Лайам вытаращил глаза и даже на какое-то мгновение растерялся, не понимая, отчего Грантайре так взвинчена, ведь все идет хорошо. Потом он вспомнил, как умирал Дезидерий. Это ведь именно Грантайре убила его. Но она даже не поморщилась, когда он произнес имя харкоутского чародея. Да-да, не повела и бровью. Лайаму встречались люди, убивавшие с легким сердцем. И все они были отменными негодяями.

Впрочем, человеческие реакции весьма разнородны. Один сослуживец Лайама, например, после каждого кровавого боя проводил многочасовой обряд очищения. Он тщательно – с головы до пят – омывался, он начищал до блеска оружие и стирал всю одежду. Он проветривал и выколачивал все свои вещи, даже те, что мирно полеживали в обозной укладке. Это было что-то вроде тихого помешательства. «Мы вернем камень в склеп, а потом хорошенько выспимся, и наутро она снова станет собой».

Что ему еще осталось сделать – так это купить Мопсе подарок и потолковать с Оборотнем.

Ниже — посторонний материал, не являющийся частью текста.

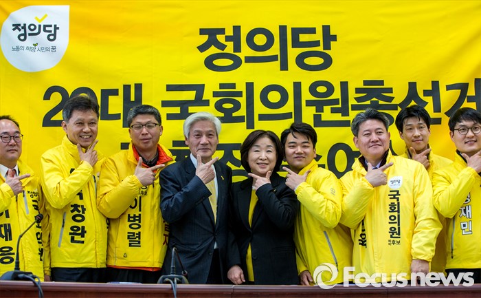 (서울=포커스뉴스) 심상정(오른쪽 다섯 번째) 정의당 상임대표가 24일 오전 서울 영등포구 국회에서 열린 '20대 국회의원총선거 공천장 수여식'에 참석해 김세균(왼쪽 네 번째) 정의당 공동대표 및 공천을 받은 후보들과 사진촬영을 하고 있다.
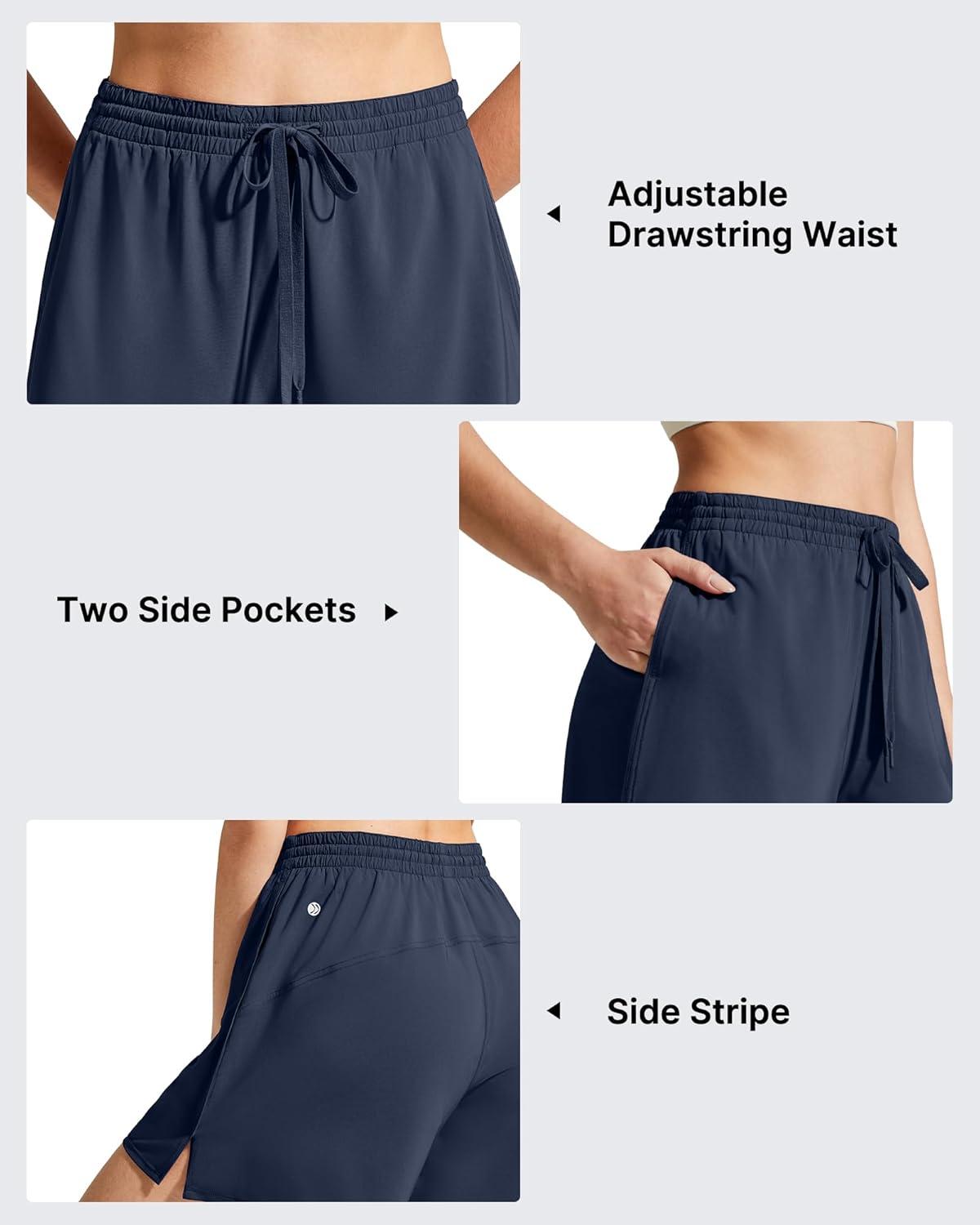 G4Free Chillwhisp Split Running Shorts for Women 3″- Built-in Shorts for Athletic Workout Gym(Pure Dark Navy)
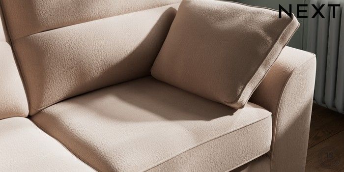 7.2.10 Buy Stamford Highback 2 Seater Sofa Relaxed Linen Look Mid Natural Large Square Angle - Brushed Brass from the Next UK online shop Click here to use our accessible website
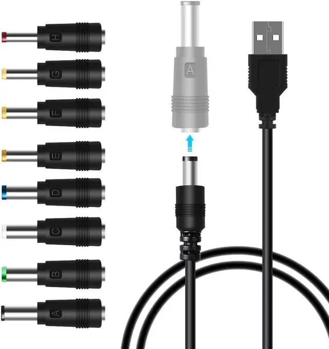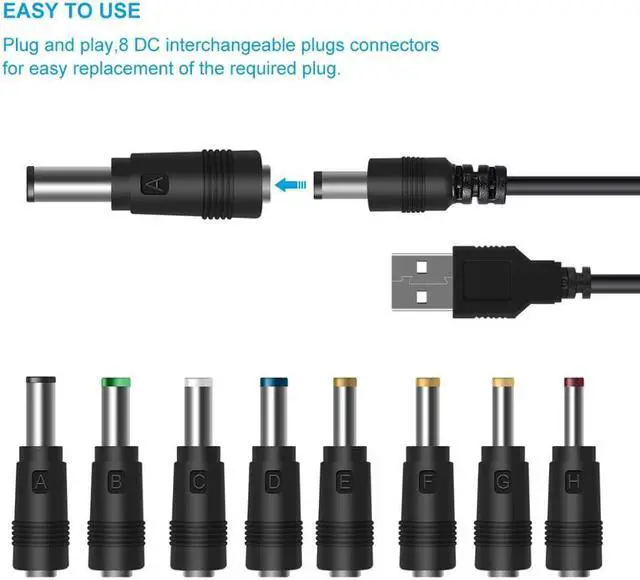 Multi-Purpose Cable: USB to DC power cable with 8 interchangeable plugs connectors, which makes it fits most of home appliances. You do not have to worry about finding the suitable adapters when using various devices.
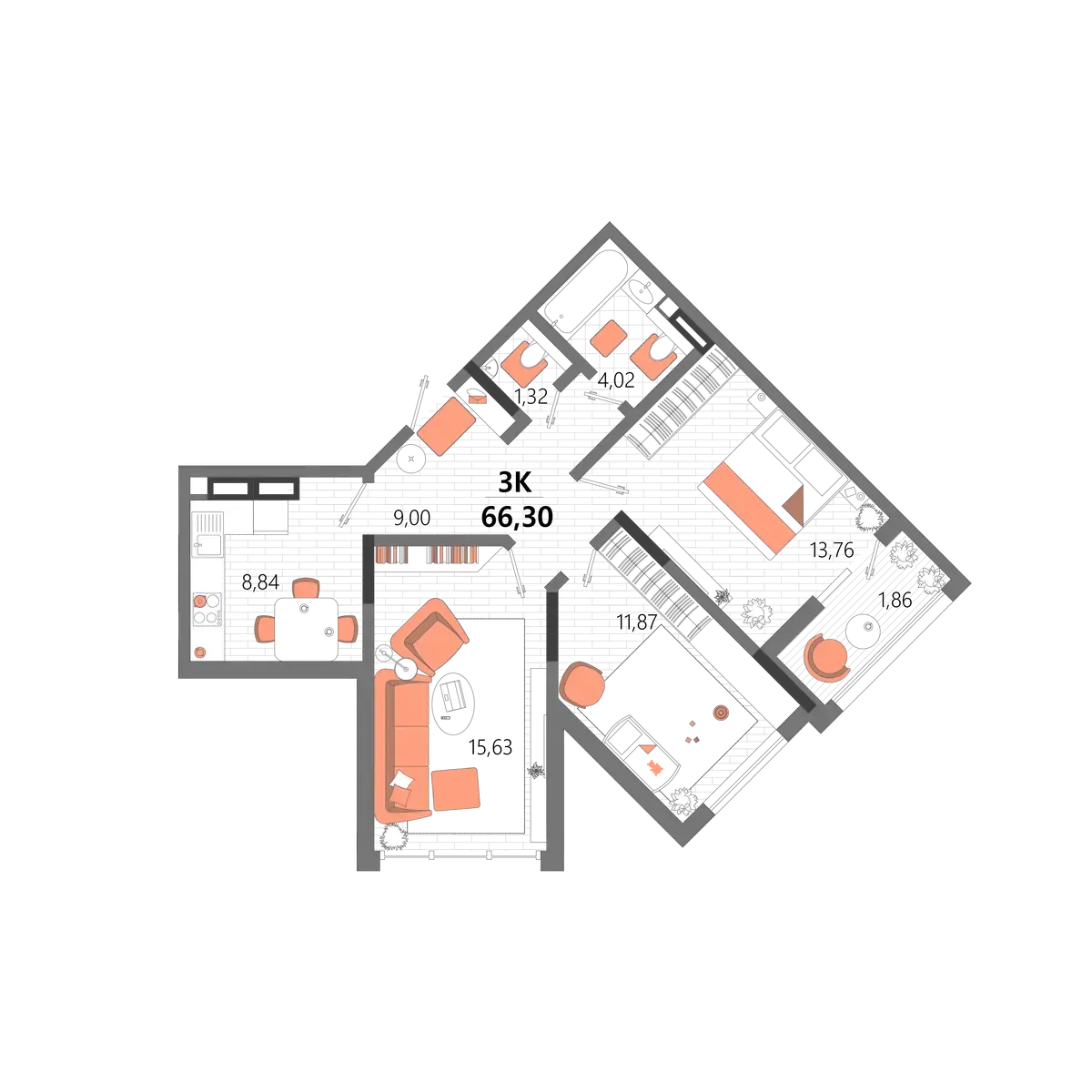- Квартиры от функциональных студий (от 25 м²) до просторных трёхкомнатных (до 102 м²). Здесь можно купить квартиру как для одного, так и для большой семьи.
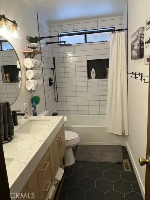 Welcome to this beautifully remodeled 3-bedroom, 2-bathroom home located in the desirable Whispering Forest neighborhood of Big Bear City. Just minutes from the lake, ski slopes, Big Bear Valley Sportsman’s Club, and local shopping, this home offers both convenience and mountain charm. The interior features an open floor plan with high exposed beam ceilings in the living room, a cozy wood-burning fireplace, and abundant natural light. The updated kitchen flows seamlessly into the dining area, creating an ideal space for entertaining. Both bathrooms have been upgraded with double sink vanities. The primary suite includes a newly remodeled shower with a built-in bench. Additional highlights include a private rear balcony, a 2-car attached garage with workshop space, and an extended space with ample room for RV and boat parking. This property offers a great combination of functionality, updates, and location, perfect as a primary residence, vacation home, or investment opportunity.
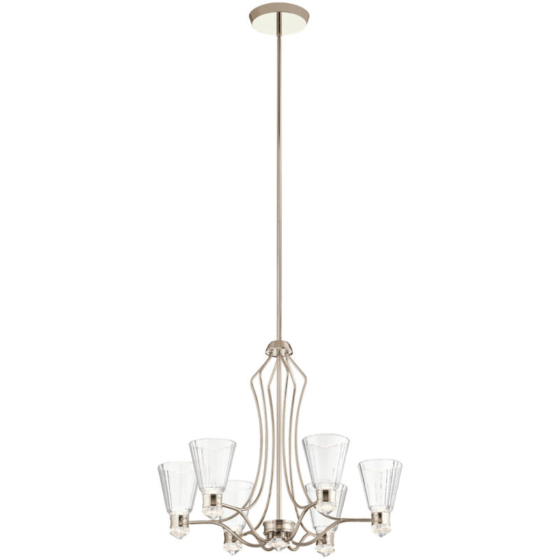 Collezione Kayva MERCATO A PARIGI Lampadario a 13 luci LED e 6 bracci. Ispirata ai decanter in vetro vintage trovati nei mercati delle pulci di Parigi. La serie Kayva, con tecnologia LED dimmerabile incorporata, irradia eleganza francese combinando linee eleganti con vetro sfaccettato trasparente e finitura in nichel lucido per uno stile tradizionale aggiornato. Kayva è classificata IP44 e può essere utilizzata in bagno.
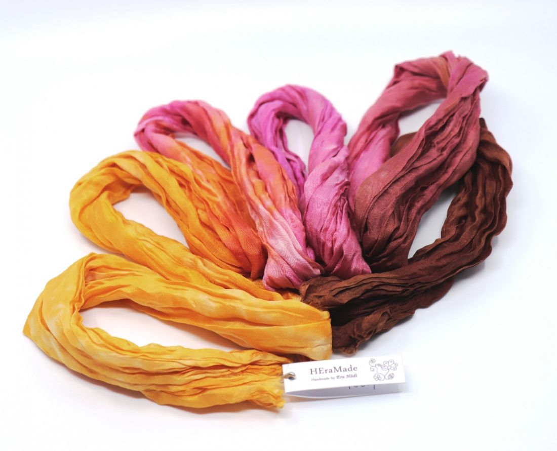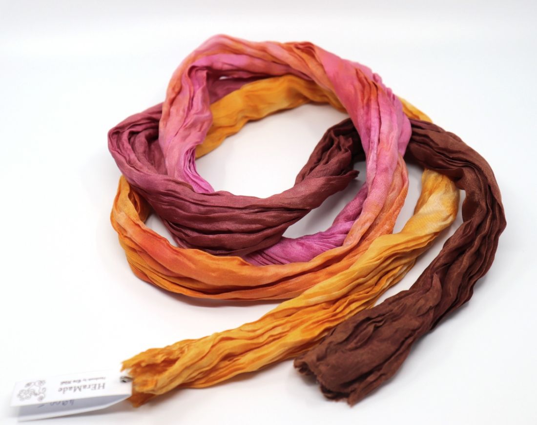 Anyaga bőrbarát természetes hernyóselyem. Enyhén fényes felületű selyemféle, nem átlátszó A végei nem szegettek. Festék gőzöléssel rögzített.
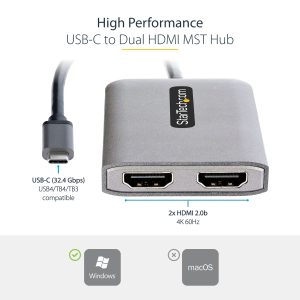 MULTI-MONITOR CONFIGURATION: USB Type-C to Dual HDMI MST Hub/Splitter drives up to two 4K 60Hz displays from a USB-C DP 1.4 host with DSC; USB Powered; Supports HDR and 2ch HDMI Audio; HDCP 2.2; TB3/TB4/USB4 Compatible; Not compatible with macOS
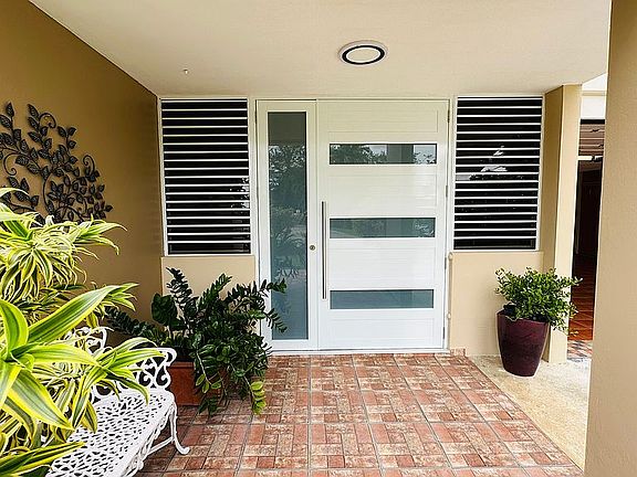 This beautiful home is sitting on nearly an acre lot, fully fenced with a gated entrance, surrounded by banana and plantain trees as well as many other fruit trees, all just 2 minutes from Montehiedra Mall with quick access to highway 52.
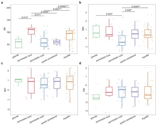 The differences in species richness, phylogenetic structure among types of bedrock. (a) Species richness; (b) NRI (Net Relatedness Index); (c) NTI (Nearest Taxon Index); (d) PDI (Phylogenetic Diversity Index); Granite, rhyolite, pyroclastic rock, pyroclastic lava are volcanic bedrocks, and quartz sandstone is a non-volcanic bedrock; T-test was used to compare the component differences. There is a significant difference between the two sets of data marked with *, * means p < 0.05, ** means p < 0.01, *** means p < 0.001.
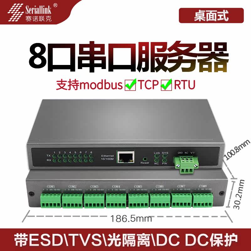 8-port serial server 12V version (6-28V) 8-port server 12V-Modbus TCP version
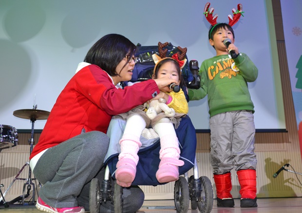▲ 2012년 푸르메작은음악회에 참석해 노래를 부르고 있는 은영이와 영진이(오른쪽 / 푸르메재단 DB).
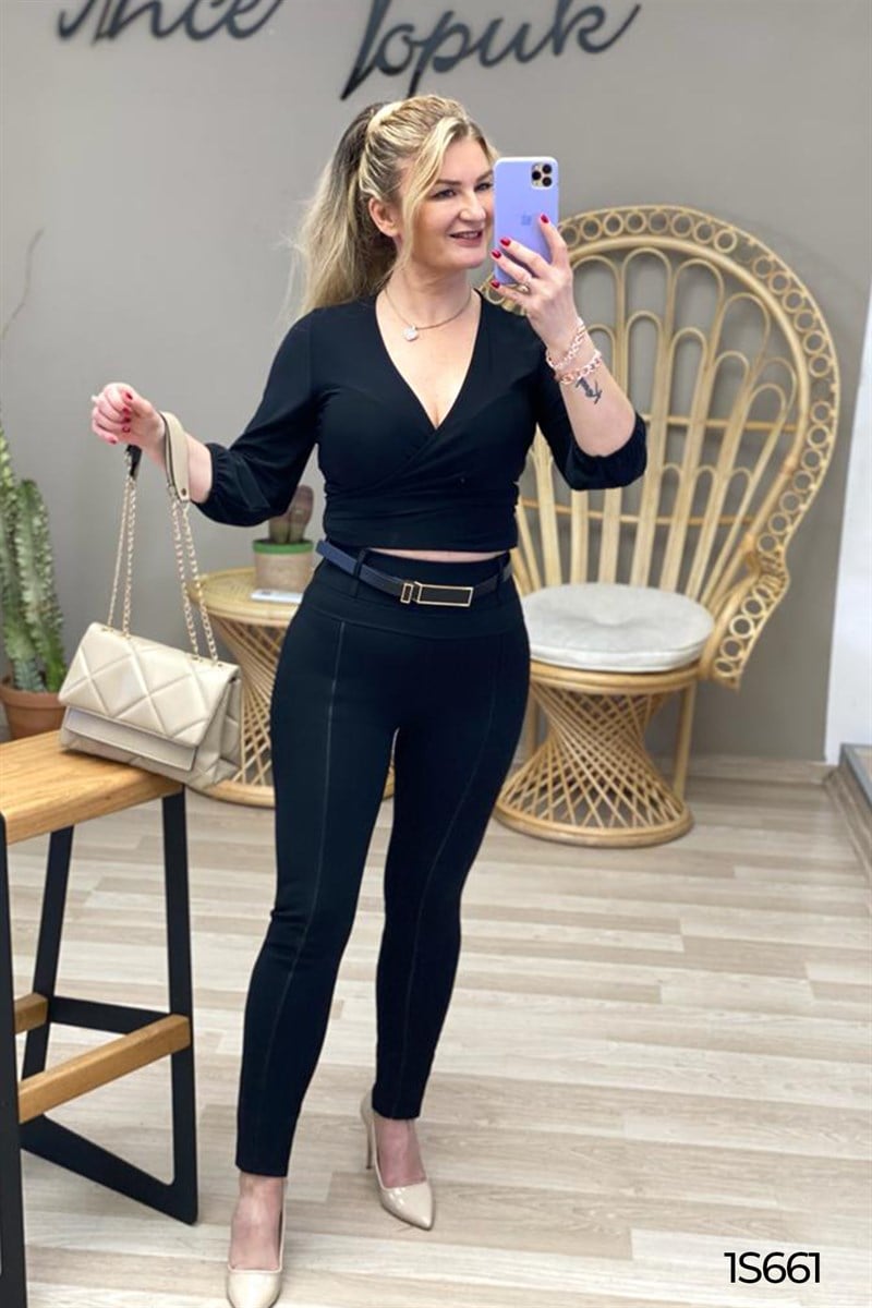 Likralı Deri Şeritli Arkadan Cepli Tayt
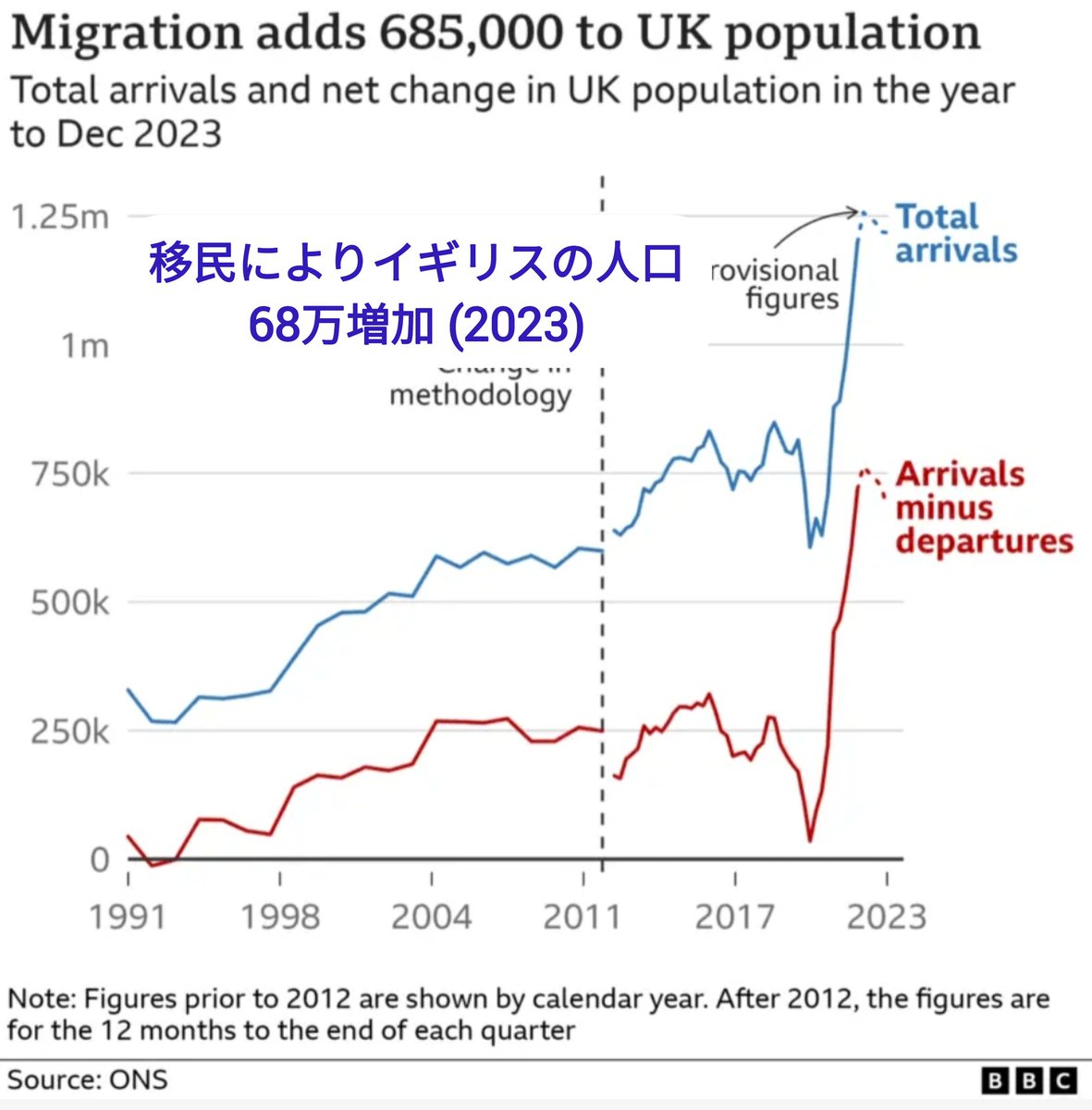 まず大前提として、イギリスへの移民は増加している。移民減少を意図してEU離脱が行われたが、皮肉なことに2018年の国外投票移民は急増し、2023年には120万を越える移民がやって来た。イギリスを離れる人を考慮しても、同年は人口が68万人(全人口の約1%)増えたことになる。2/14
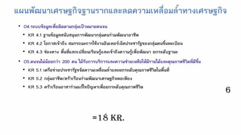 - KR 2.5 สถาบันพัฒนาอาชีพ ผู้นำท้องถิ่น และบ่มเพาะผู้ประกอบการใหม่ นวัตกรรมชุมชน
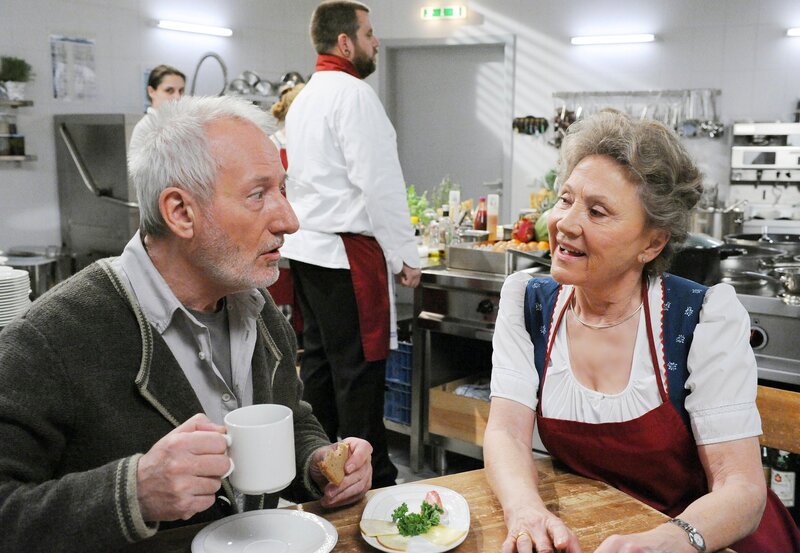 • Hildegard (Antje Hagen, r.) ist überrascht, als Gustl (Sepp Schauer, l.) sie bittet, ihm das Tanzen beizubringen.

И то и другое беспокоило Лайама. Он понимал, что надо бы увидеться с Волком, но его одолевала усталость. Встречу можно отложить на потом. Ведь главарь саузваркских воров уже (через Мопсу) поставлен в известность, что все в полном порядке. «Разве этого не довольно? – подумал Лайам. – Волк просто немного нервничает… пусть подождет».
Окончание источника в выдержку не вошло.